I had that issue while kontakt multiprocessor was turned off. Make sure you play around with the multi processor setting in that particular VEP instance in VSL speech called project. Maybe raise the processor from 2 to 4 in that instance. Also try to put heavy scripted instrument patches in their own kontakt instance.


----------



## brett (Nov 5, 2015)

John, was the CPU load spread evenly across all cores when playing the problematic string lines?


----------



## JohnG (Nov 5, 2015)

I couldn't tell, brett. I am still figuring out Windows 10. It looked as though the overall CPU was quite low -- below 50% for sure.


----------



## JohnG (Nov 5, 2015)

samphony said:


> I had that issue while kontakt multiprocessor was turned off



This is interesting -- most advice is to leave this off inside a host such as VE Pro.


----------



## Coldsound (Nov 5, 2015)

@samphony Thanks for the advices, first trial seems to add improvement when raising the number of thread in VEPro instance...


----------



## brett (Nov 5, 2015)

While I'm not familiar with W10, you should be able to see desperate cores in task manager (performance tab) or resource monitor 

If one core is spiking you'll get glitches even if overall (average) is quite modest.


----------



## samphony (Nov 5, 2015)

JohnG said:


> This is interesting -- most advice is to leave this off inside a host such as VE Pro.


Yes I know. Even in logic when I turn off multiprocessor support I have issues. So I settled on 3.


----------



## JohnG (Nov 5, 2015)

brett said:


> While I'm not familiar with W10, you should be able to see desperate cores in task manager (performance tab) or resource monitor
> 
> If one core is spiking you'll get glitches even if overall (average) is quite modest.



Ok two things. First I finally found the graphic where you can see all 8 cores (though of course not all at once). It appears that the load is pretty evenly spread.

Second, however, I am still hearing occasional glitches, but not every time and there are not nearly as many.


----------



## brett (Nov 5, 2015)

Maybe I've missed this, but it might be worth, as an exercise, trying networking your slave (to exclude the RME) or duplicating the problematic VI frame locally (to exclude the Slave computer itself). If you start with an empty project (not your template but a truly empty project) and load the problematic VEP instance on your slave and play do you get glitches? Or go in reverse: load up your fully loaded project and start removing other VEP instances and plugins and maybe something will pop up

Lastly, is your slave optimized? In particular I'm thinking of turning off all that green stuff in the bios that has different names (speedstep, turbo boost, eist, various C-states)
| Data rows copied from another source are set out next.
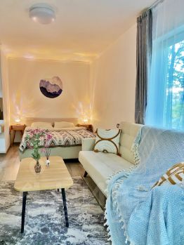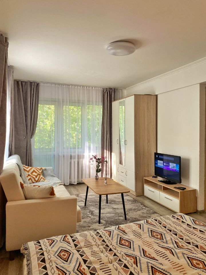Квартира очень светлая и уютная, с балконом. В просторной комнате легко разместились двуспальная кровать с ортопедическим матрасом и красивый раскладной диван. Новая мебель и техника: шкаф с зеркалом, Smart TV, холодильник, стиральная машина, микроволновка. Кухня IKEA, вся необходимая посуда уже есть — можно заехать с одним чемоданом. Горячая вода от газовой колонки — перебоев не бывает.
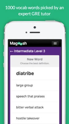 Build your vocabulary with Magoosh's free GRE vocabulary game for your Android device. Quiz yourself every day to learn the 1200 most important words on the GRE test! Our app helps you improve your vocab and prep for the GRE test – now you can practice and improve your vocabulary anywhere, any time!
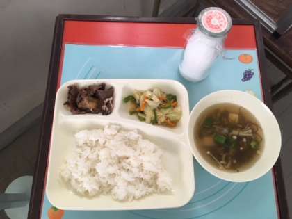 今日の献立は、牛肉のおろしじょうゆかけ、もずくとオクラのとろり汁、野菜のそぼろいため、ご飯、牛乳 です。
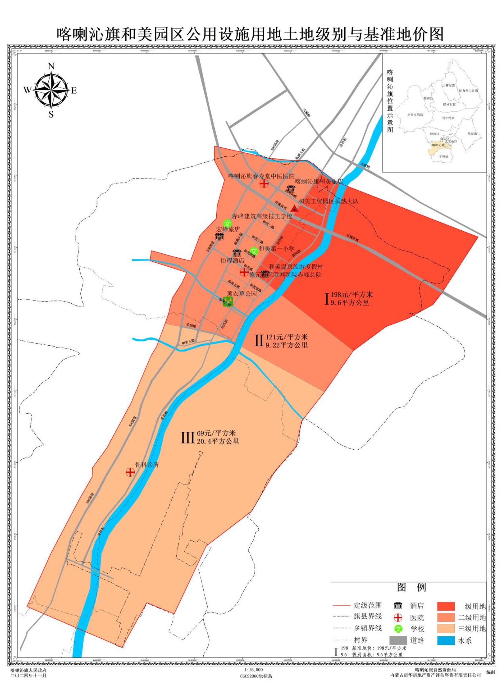 3.喀喇沁旗10个乡镇(园区)土地定级与基准地价图。
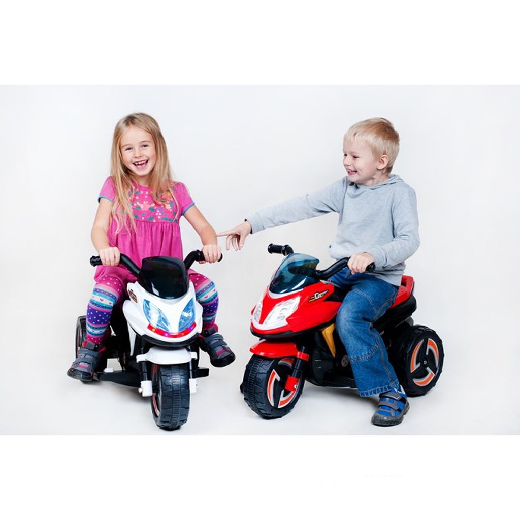 Children's motorcycle BAYO KICK. Motorcycle rides great and has one engine. It rides by pressing the pedal on the footrest. The direction of travel is determined by the forward (Forward)/backward (Backward) button on the handlebars. The bike has many features like a button to turn on the vehicle and a button with melodies. Quality wheels, solid and quality construction, all this is a guarantee of safety for your children. The battery is easily charged with the charger. You will have a lot of fun with the bike. The colour of the wheels varies according to the current offer.
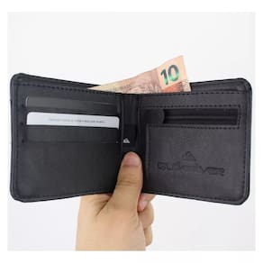 - Compartimento para cédulas - 3 Divisórias para cartões - 2 Divisórias internas podendo ser usadas para guardar documentos - Compartimento com fecho ecler para moedas - 1 Divisória na parte traseira para cartões
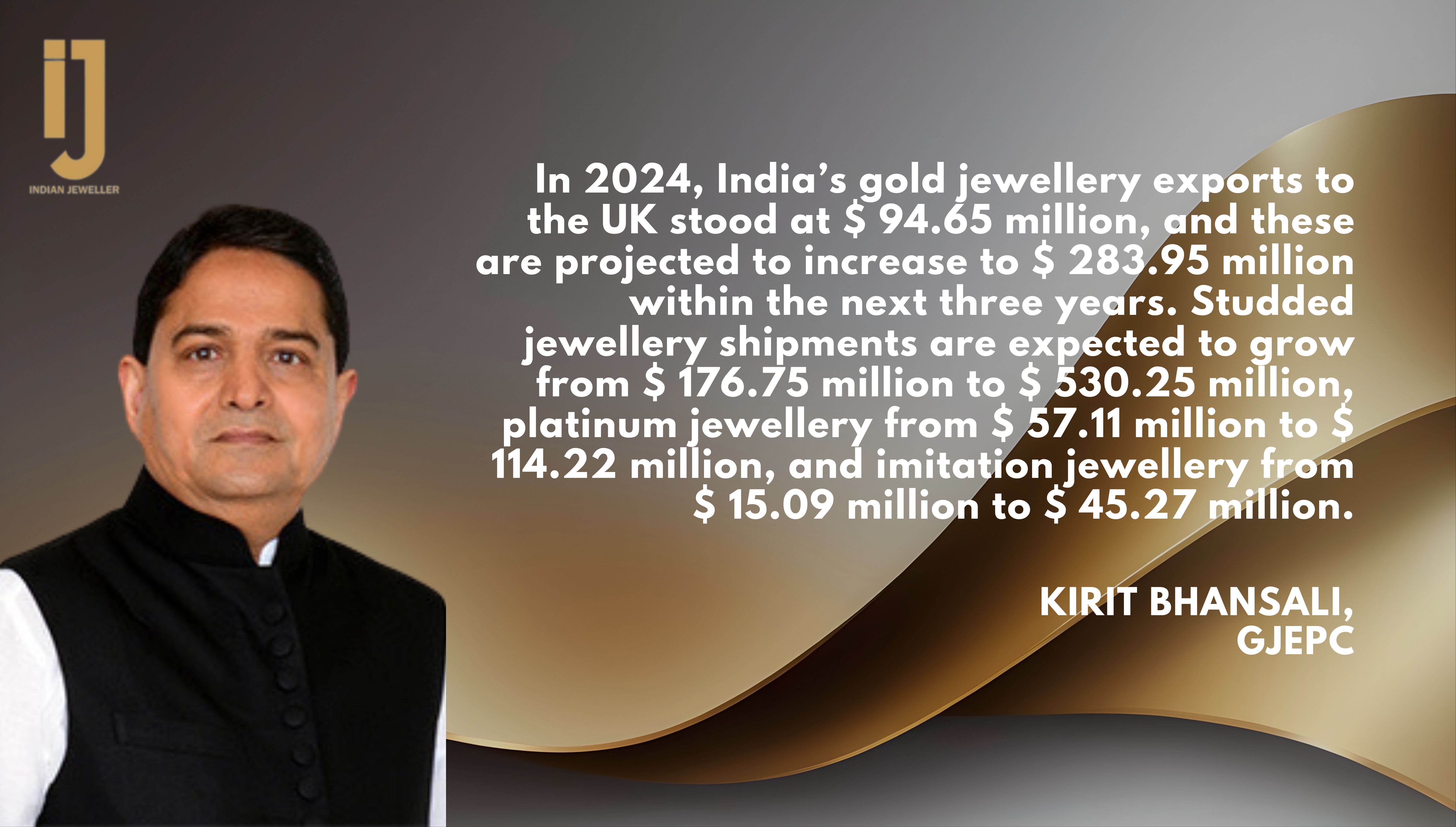 In 2024, India’s gold jewellery exports to the UK stood at $ 94.65 million, and these are projected to increase to $ 283.95 million within the next three years. Studded jewellery shipments are expected to grow from $ 176.75 million to $ 530.25 million, platinum jewellery from $ 57.11 million to $ 114.22 million, and imitation jewellery from $ 15.09 million to $ 45.27 million.

Apologies if you've already mentioned or tried these above


----------



## JohnG (Nov 5, 2015)

Good suggestions, brett.

I only have one VE Pro instance. Testing with an "empty" instance -- I sort of did that by cutting out all the PLAY instances but of course could do it further. I will try that after while here.

I haven't touched the bios on this computer. It's a new OS and it's very hard to work out what depends on what with Windows 10; as I mentioned the guys at VisionDAW, who have touched up all my previous PCs (with significant reductions in CPU use) won't even touch Windows 10 for a while until it sort of calms down. They say hundreds of updates a week, so until that begins to abate I can understand their caution.

Because I'm only getting this with the legato transitions, I am very skeptical that it has anything to do with the RME card. It could be the SSD trying to stream too fast and I want to take Richard Ames' suggestion of loading all in RAM -- a good idea -- which I will do at the same time as I follow your suggestion about the "empty" instance.


----------



## brett (Nov 5, 2015)

Bios is independent of W10 though

https://www.gearslutz.com/board/mus...-eist-speedstep-turbo-boost-core-parking.html

The above is an old thread but might be worth the read. 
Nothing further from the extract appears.